What Jobs Can I Get with an International Business Degree?

Working in international business requires a mind for business and an interest in other cultures. Read on to discover some information about the career opportunities that may be available to graduates who hold degrees in this field. Schools offering International Business degrees can also be found in these popular choices.

Overview of International Business Careers

If you have a degree in international business, potential employers might include private businesses, nonprofit organizations, or the U.S. government. Many international business graduates work in private companies.

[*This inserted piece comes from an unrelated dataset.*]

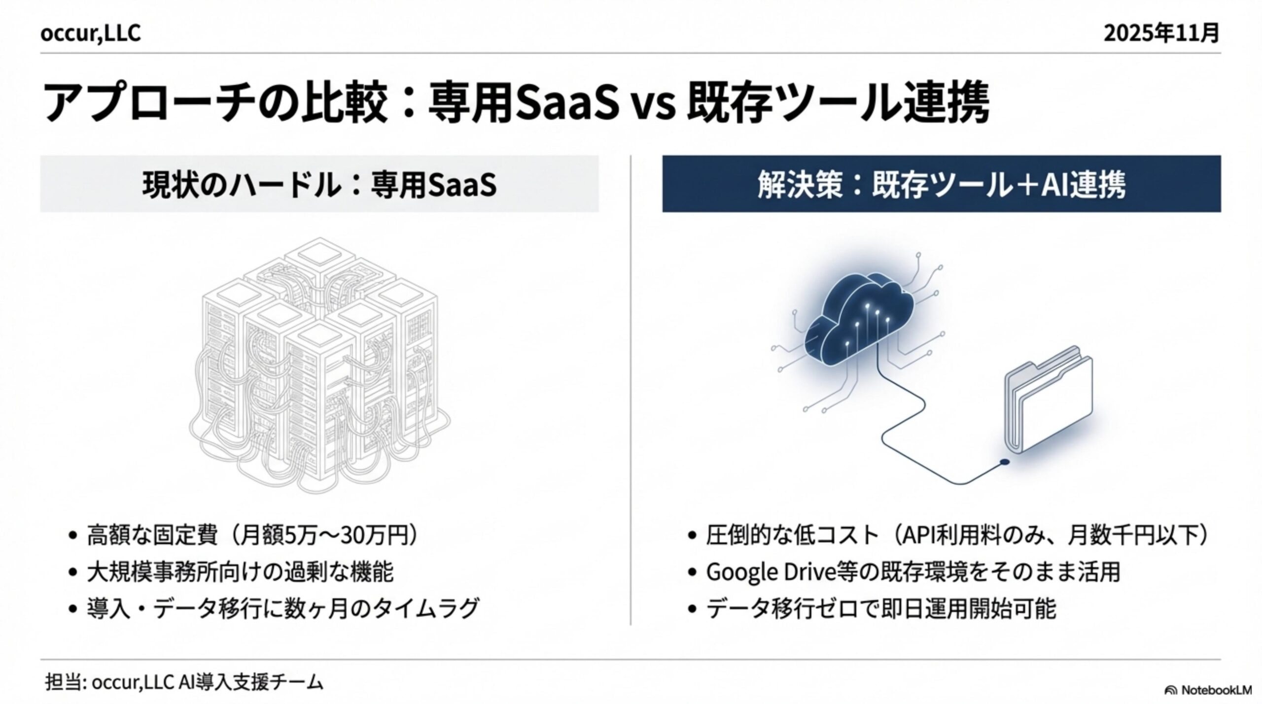 この事務所が選んだのは、既存ツールにAIを組み合わせるアプローチでした。高額なSaaSを新たに契約するのではなく、すでに使っていたGoogle Driveと会計ソフトをベースに、AI機能を追加する形です。

With strong business acumen, intercultural communication skills, and networking capabilities, you could potentially do the following:

  • Work for a United States-based company that does business in other countries and will require you to travel to these locales.
  • Work abroad as an expatriate for a United States-based or foreign company.

Important Facts about This Occupational Field

Median Salary (2018) $88,890 (for personal financial advisors)
Required Education Bachelor's degree (for personal financial advisors)
Job Outlook (2016-2026) 19% (for financial managers)
Key Skills Organizational, mathematics, analytical, detail oriented, communication (for financial managers)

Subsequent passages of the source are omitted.